Technology

UK Government announces plans to establish competitive carbon capture market

The UK Energy Secretary has revealed plans to make the country a global market for carbon capture, usage and storage (CCUS) by the year 2035.

carbon captureThe strategy – entitled CCUS Vision – outlines the UK's roadmap for evolving from initial projects supported by government backing to establishing a competitive market in this sector. This means that UK companies will compete to construct carbon capture facilities and sell their services across the globe.

This marks the most recent advancement in implementing the recently revealed £20 billion investment for the development of CCUS technologies. The goal is to store 20-30 million tonnes of CO2 annually by 2030, fostering the creation of 50,000 jobs by the same year.

CCUS Vision involves several measures to assist the Government in achieving this goal, which include:

Shifting to a competitive allocation process for carbon capture projects starting in 2027 to accelerate the growth of the UK's CCUS sector.

Establishing conditions for projects unable to transport CO2 via pipelines to participate in the market from 2025 onward, utilising alternative modes of transport such as shipping, road, and rail.

Launching a working group led by industry to identify and adopt solutions to reduce the cost of capturing CO2.

The Government claims that the plan is anticipated to boost the UK economy by £5 billion each year by 2050, making the UK a “pioneer” in this kind of technology whilst assisting in the drive towards net zero.

Commenting on the plans, Energy Security Secretary Claire Coutinho said: “Thanks to the UK’s geology, skills and infrastructure, we are in a unique position to lead the way on carbon capture technologies.
“That is why we’re making one of the biggest funding commitments in Europe on carbon capture that will cut emissions from our atmosphere, while unlocking investment, creating tens of thousands of jobs and growing the UK economy.”

Energy efficiency and Green Finance Minister Lord Callanan added: “We need pragmatic answers to the carbon challenge, and with our infrastructure, skills and geology, the UK is in pole position to take advantage of game-changing carbon capture and storage technology.

“Today we’re publishing a blueprint to deliver a world-leading UK carbon capture industry, so that we have a competitive market in this exciting new technology by the middle of the next decade.

“Backed by an unprecedented £20 billion investment, this is also a pivotal milestone in our journey to net zero that will drive economic growth, unlock investment and create tens of thousands of jobs in our industrial heartlands.”

Carbon capture projects in the UK

The new plans follow the announcement earlier this year that two new carbon clusters will be established to support the Government’s ambitions to decarbonise.

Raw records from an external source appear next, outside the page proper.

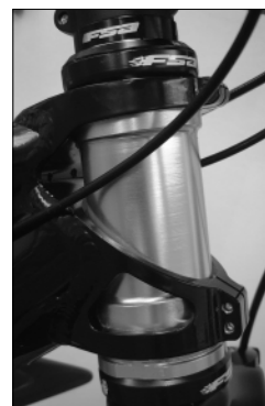
headtube High Octane FR
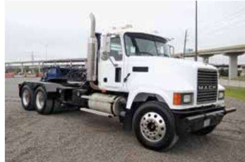
Mack CHN613 Winch
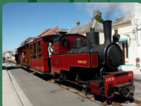
Locomotive 030 Decauville - Appeva
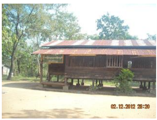
These two photos were taken on December 4<sup>th</sup> 2012 by a KHRG researcher in D--- village, Yaw Kuh village tract, Nabu Township, Hpa-an District. The photo on the left shows a small shop where the

<sup>28</sup> KHRG did not publish a single report regarding drugs in the five years before the ceasefire, but has received dozens of reports since the ceasefire.
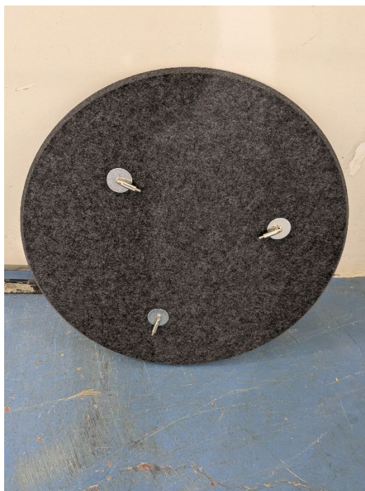
Figure 3 – Individual specimen object
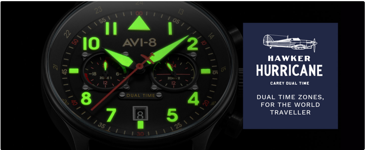
Image: The watch face illuminated in low light, demonstrating the visibility of the dual time zones.
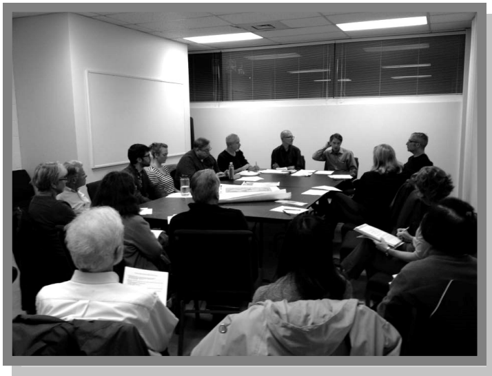
October 14, 2014 Roosevelt Design Guidelines Meeting at CCA.

There was an excellent turnout for the October 14th meeting to discuss revisions to the Neighborhood Design Guidelines. Seventeen people were present including two from the City of Seattle Department of Planning and Development (DPD).
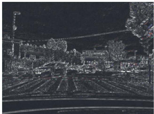
Figure 5. Result of edge detection on the image

This process involves locating the boundaries or edges of objects by detecting sudden shifts in shading within the image [15]. This technique is instru-
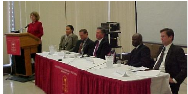
Figure 1.7 Signing of the peace agreement in Accra (2003).

the presence of security guarantees for the safe return and resettlement of refugees and internally displaced persons. By the Agreement, the parties also requested the United Nations to deploy a force to Liberia under Chapter VII of the Charter of the United Nations to support the National Transitional Government and assist in the implementation of the Peace Agreement 29 .
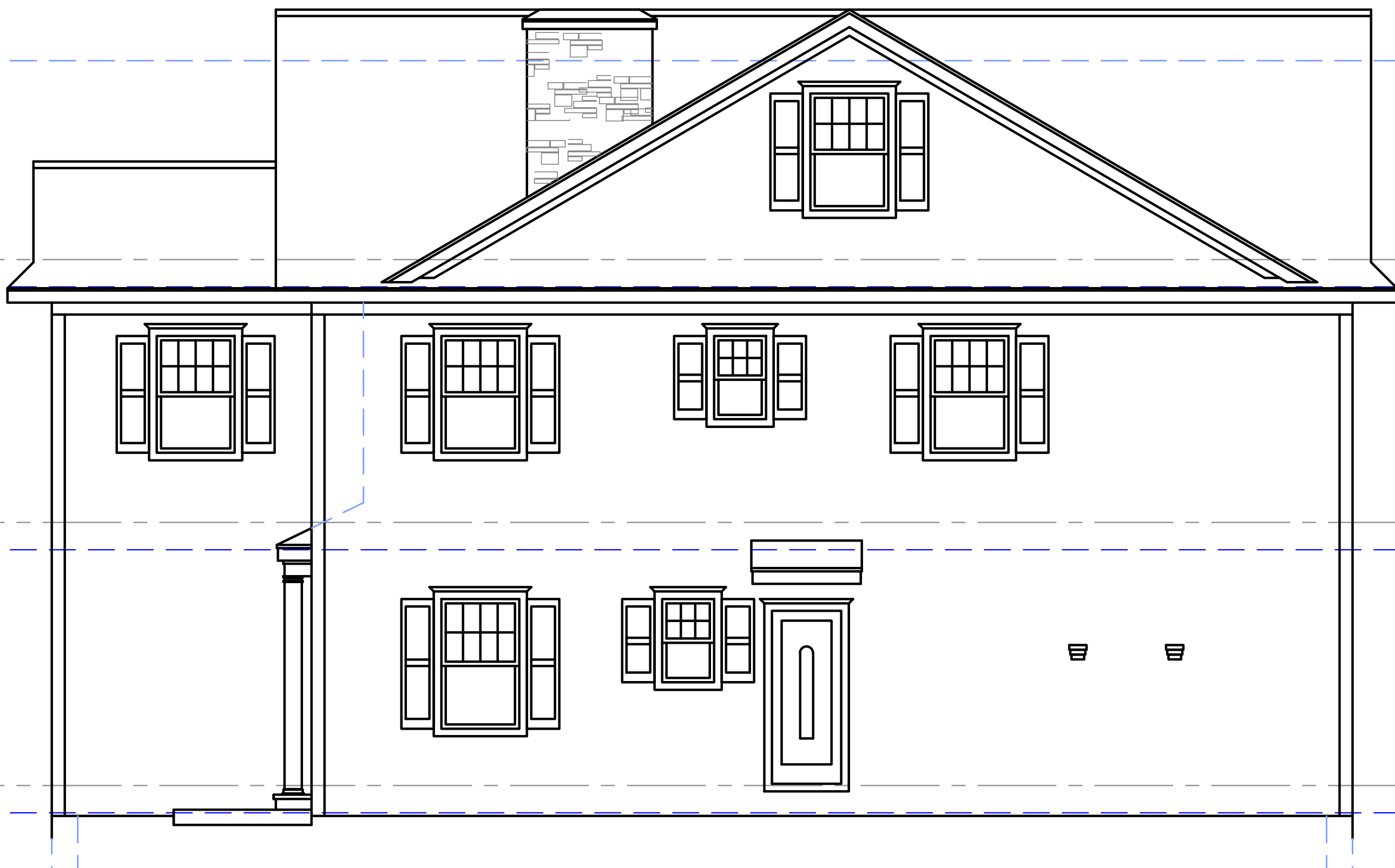
3 EAST SIDE ELEVATION SCALE: 1/4" = 1'-0"
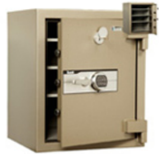
High Security Safes including 1 Hour Fire Protection
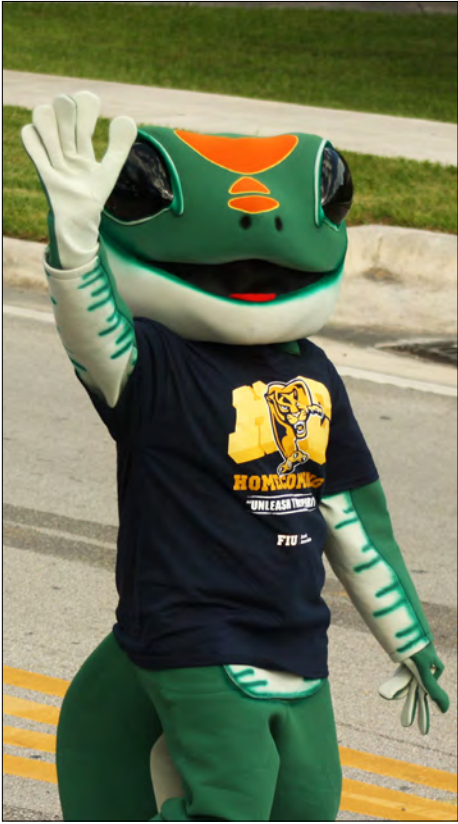
MELHOR LEONOR/THE BEACON
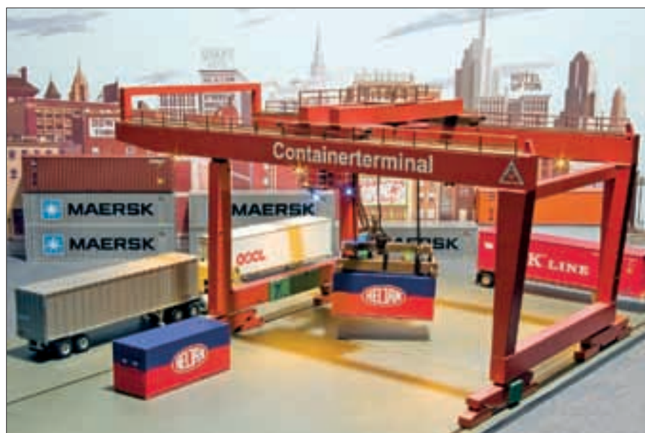
Because of its unique remote control capabilities, this container crane can be used in any intermodal facility or shipside dock. With a little modification any container can be lifted, moved, and placed on the base plate. The digital controlled crane has adjustable speed steps like locomotive decoders. This allows the crane to be adjusted to the likes of any operator. The crane uses two built-in, programmable decoders, one for the gantry and one for the crane/hoist. The lack of visible wiring makes the structure very believable and with a little weathering, the gantry would look right at home on even the best detailed railroads. Note the functioning lights on the crane; these can be controlled as well.
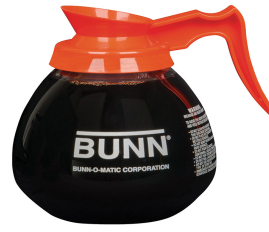
DECANTER, GLASS-ORN 12 CUP 1PK
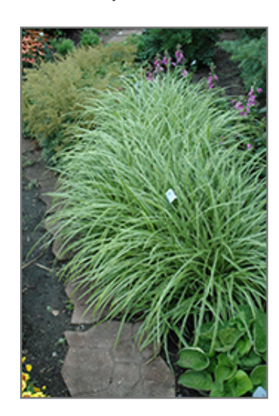
Ice Dance Sedge
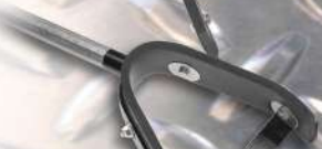
Crafcro Heavy Duty Compact Squeegee
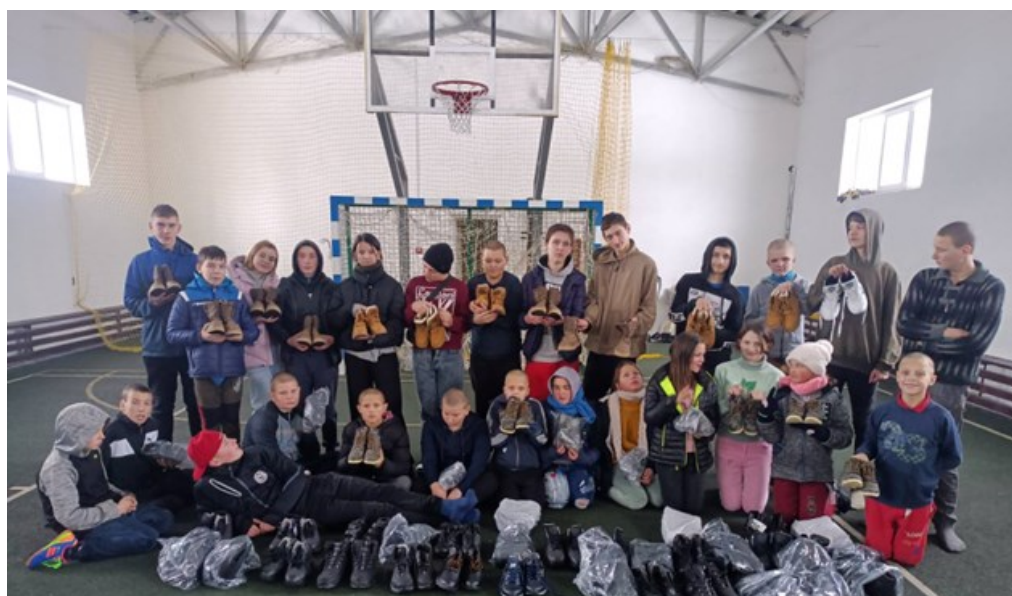
Fra børnehjemmet i Livchitsy
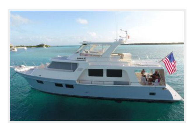
Profile In Lieu Of...
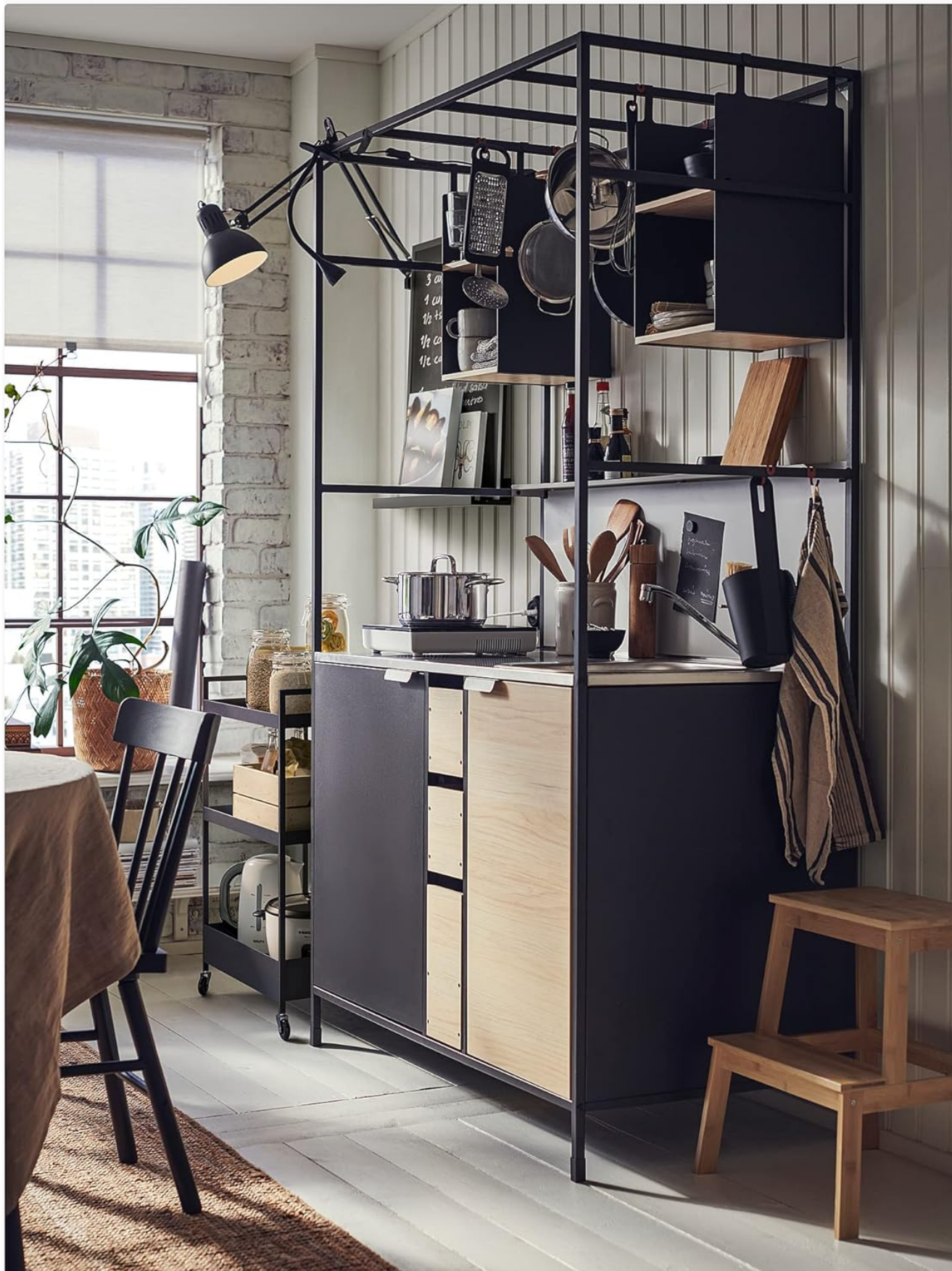
Figure 3: The kitchenette from a side angle, highlighting the integrated hanging rail for utensils and the open shelving above the main work surface.

The unit includes open shelves, closed cabinets, and drawers to organize kitchen essentials.
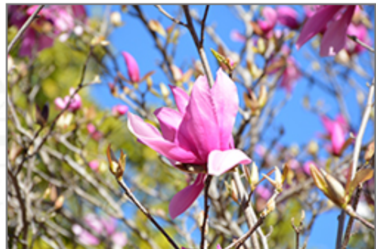
Betty Magnolia flowers
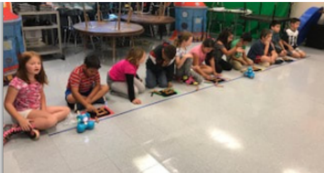
Half of the team was on one side of the room attaching the materials, while the other half were at the build site. No crossing the tape lines!

It's important to instill empathy in our students when natural disasters occur. Whether it's a hurricane, flood, tornado, wildfire or some other catastrophic event, we can bring relevance to even our youngest learners by showing how we help each other rebuild. "Dashing to Rebuild" is a lesson designed to show that teamwork is needed in any rebuilding effort.
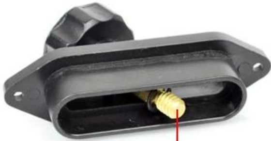
1/4 threaded interface
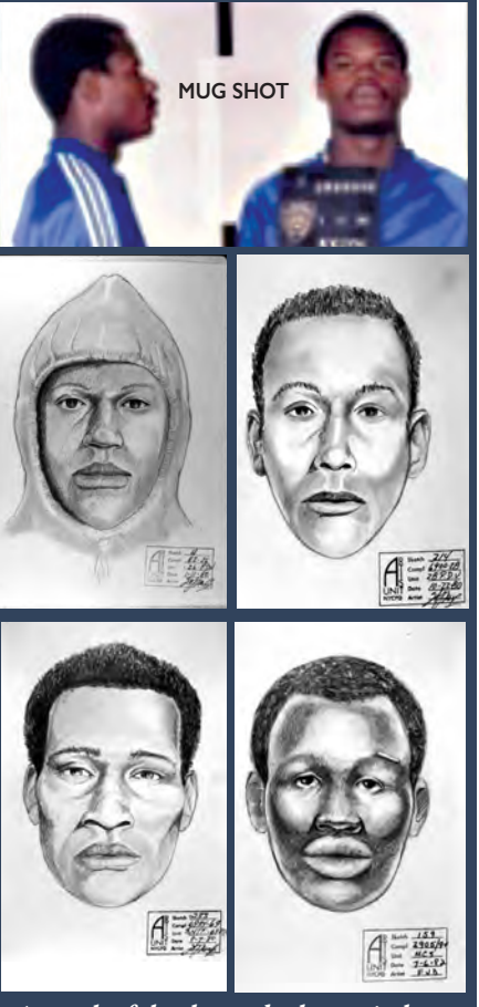
A sample of sketches under hypnosis that led to identifications and convictions.
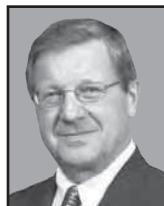
Dr. Lloyd Axworthy, PC, OC, OM President and Vice-Chancellor The University of Winnipeg 2004 – Present
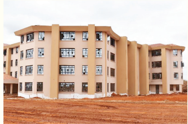
College of Education, Humanities and Social Sciences building
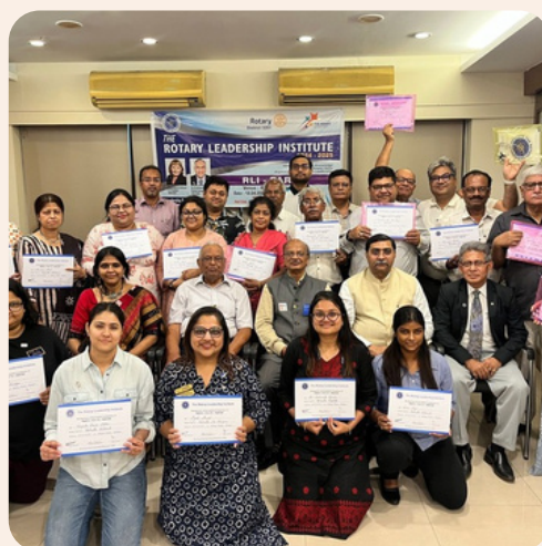
RLI PART II ON 12.04.25
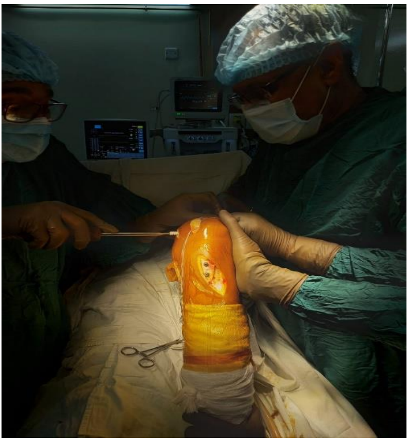
Figure 7: Screw fixation

The UK now has a total of four clusters – HyNet in the North West, the East Coast Cluster in Teesside and the Humber, Acorn in Scotland and Viking in the Humber.

These hubs will construct integrated energy systems that optimise the UK's existing infrastructure, playing a role in the nation's deliberate and practical strategy to achieve net zero.

The UK Government has also today announced progress in delivering these carbon capture facilities. This includes:

Agreeing commercial terms with the Northern Endurance Partnership (NEP) around Teesside and the Humber, allowing expansion of that cluster. Following an assessment of readiness in the New Year, the Government will consider the best time to launch the expansion process in 2024.

A process to accelerate the set-up of the CCUS clusters announced this summer alongside the identification of suitable capture projects.

Chris Daykin, General Manager of the NEP, “Today’s announcements mark another positive milestone in the development of the East Coast Cluster and the UK CCUS industry.

“Agreeing the key commercial principles through the Heads of Terms is a crucial step in the decarbonisation of the North East region and delivering jobs. We look forward to the expansion process launching from 2024 and agree that the selection of projects by HMG should be matched to the available transportation and storage capacity, so that projects and stores are developed at the same pace and equivalent level of maturity.

“We thank the UK Government for their continued support as we work to complete the final agreements in the coming months, enabling NEP to take Final Investment Decision in September 2024.”